SOCIETY GUIDELINE LINKS —
Links to society and government-sponsored guidelines from selected countries and regions around the world are provided separately. (See "Society guideline links: Multiple gestation".)
SUMMARY AND RECOMMENDATIONS
●Etiology/pathophysiology – Twin anemia-polycythemia sequence (TAPS) is characterized by highly discordant hemoglobin values between monochorionic (MC) twins. It may occur spontaneously or post-laser ablation for twin-twin transfusion syndrome (TTTS). It is caused by unbalanced red cell transfusion across tiny placental anastomoses in MC placentas that gradually leads to anemia in the donor twin and polycythemia in the recipient twin. Amniotic fluid volumes remain normal. (See 'Pathophysiology' above.)
●Monitoring – We monitor MC twin pregnancies for development of TTTS, TAPS, and selective fetal growth restriction (sFGR) (table 2). To identify TAPS, we perform serial middle cerebral artery (MCA) peak systolic velocity (PSV) measurements starting at 16 weeks and assess for placental discordance in echogenicity and cardiomegaly. (See 'Clinical presentation' above.)
●Diagnosis – TAPS has traditionally been diagnosed prenatally when the middle cerebral artery-peak systolic velocity (MCA-PSV) is >1.5 multiples of median (MoM) in one twin (suggestive of anemia) and <0.8 MoM in the other twin (suggestive of polycythemia. An alternative approach is to use an absolute intertwin MCA-PSV discordance (delta MCA-PSV) ≥1 MoM. Discordant placental echogenicity, cardiomegaly (donor twin), and starry sky liver (recipient twin) support the diagnosis. (See 'Prenatal diagnosis' above.)
●Diagnostic evaluation and staging – After making the diagnosis of TAPS, Doppler flow studies of the umbilical artery (UA), umbilical vein (UV), and ductus venosus (DV) should be performed to classify disease severity (table 3), which is the basis for further follow-up and management. (See 'Staging (disease severity)' above.)
●Differential diagnosis – Although there is some overlap between the findings for TAPS and TTTS (table 1), key characteristics that help in differential diagnosis are that MCA-PSV discordance is diagnostic of TAPS and not present in pure TTTS and amniotic fluid discordance (oligohydramnios and polyhydramnios sequence) is suggestive of pure TTTS and not present in TAPS. (See 'Differential diagnosis' above.)

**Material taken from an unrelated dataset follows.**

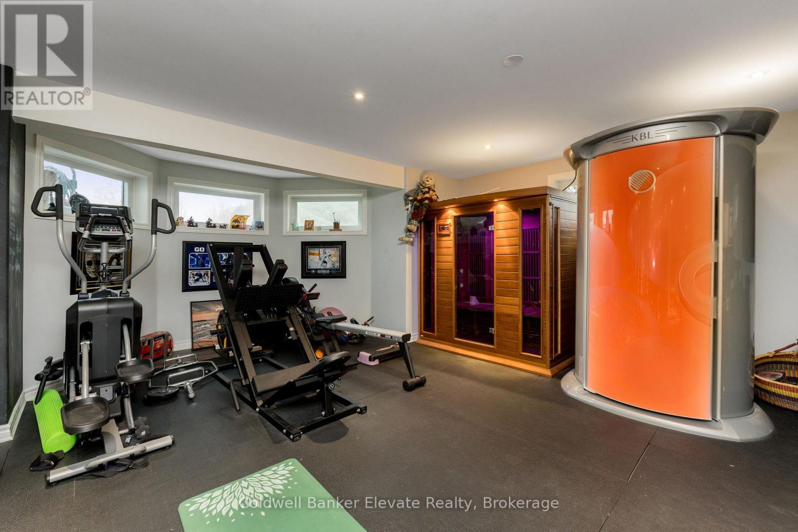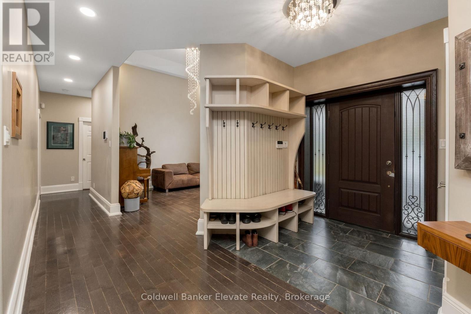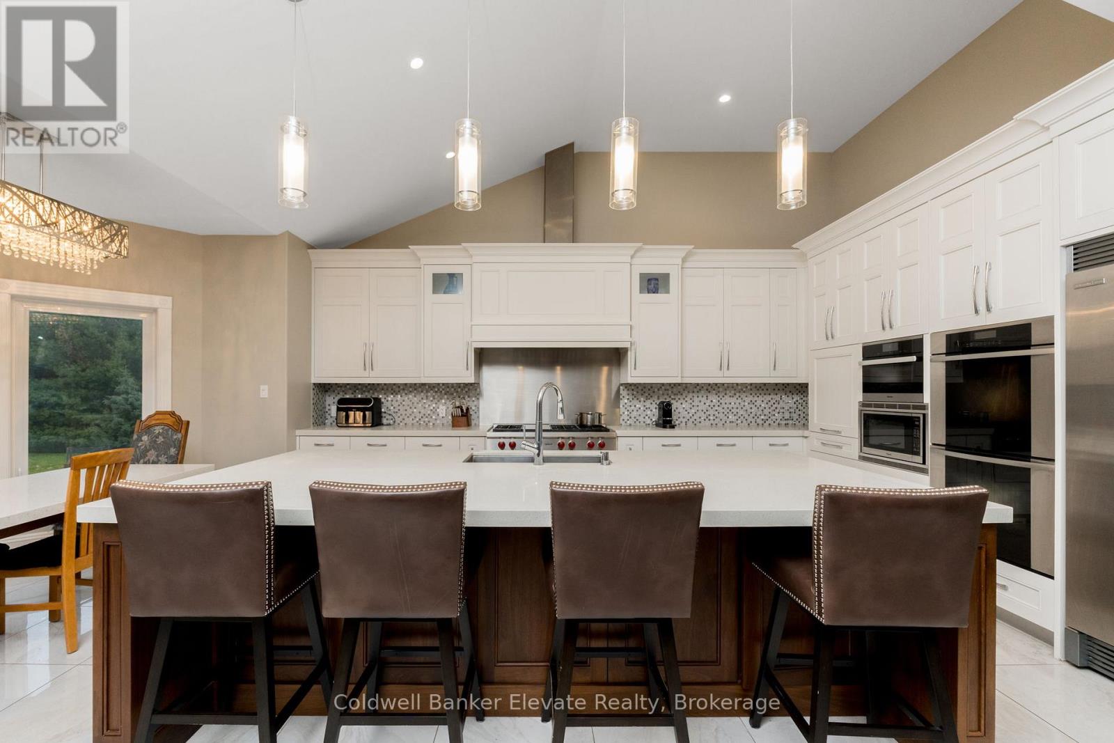 Welcome to 4 Abbitt Crescent, a custom-built home offering unparalleled luxury & privacy on over 2 acres of beautifully treed land. With 5 spacious bedrooms & 3 modern, upgraded bathrooms, this residence combines elegance & comfort at every turn. Upon entering, you're greeted by an expansive open-concept layout with soaring high ceilings & large windows that fill the home with natural light. The upgraded chefs kitchen features stainless steel appliances, sleek Caesarstone countertops, and an oversized island, seamlessly connecting to the living and dining areas perfect for both everyday living & entertaining. Radiant floor heating runs throughout, and the home is carpet-free (excluding staircases). The bright loft, featuring large skylights, currently serves as a bedroom but offers flexible potential as a home office, entertainment space, or additional lounge area. The modern bathrooms showcase contemporary fixtures, with the primary ensuite offering a spa-like retreat complete with a soaking tub & glass shower. Downstairs, the open layout of the recreation room includes an impressive in-home gym, sauna, tanning booth, offering a full wellness experience while still providing ample space. The fully finished basement also features one of the bedrooms and an office with built-in cabinetry, which can easily be converted into a sixth bedroom ideal for guests or extended family. A 2.5-car garage and a newly paved circular driveway accommodate over 20 vehicles, adding both functionality and convenience. Recent updates include a new roof & windows (completed in the last few years), extensive professional landscaping throughout. The backyard features a private oasis with an inground saltwater pool & large pool house, surrounded by mature trees & lush shrubbery. The pool area has been enhanced with brand-new interlocking & updated equipment, including a new pump! As a bonus, ownership includes a certificate for 1/20th of the 43 shared acres held by residents of Abbitt Cres. (id:51158)

●Prognosis – In the absence of fetal treatment, TAPS may result in delivery of two healthy neonates, need for neonatal blood transfusion or partial exchange transfusion, or death of one or both twins. Outcomes with various management approaches are shown in the table (table 4). TAPS resolves spontaneously in a minority of cases (16 percent in one large series). (See 'Prognosis' above.)
●Pregnancy management
•For patients with stable stage 1 TAPS, we suggest expectant management (Grade 2C). In the absence of progression to a more advanced stage or resolution, we deliver these pregnancies between 34+0 and 37+0 weeks of gestation. (See 'Pregnancy management' above.)
•For patients with stage 2, 3, or 4 TAPS before 32 weeks, we suggest intervention rather than expectant management (Grade 2C). The choice of intervention (pregnancy termination, laser ablation, fetal transfusion, selective feticide) is based on gestational age, disease stage, patient values and preferences, and physician expertise. If TAPS resolves, we deliver between 34+0 and 37+0 weeks of gestation. (See 'Pregnancy management' above.)
For patients with stage 2, 3, or 4 TAPS ≥32 weeks, we suggest delivery rather than intervention (Grade 2C). (See 'Pregnancy management' above.)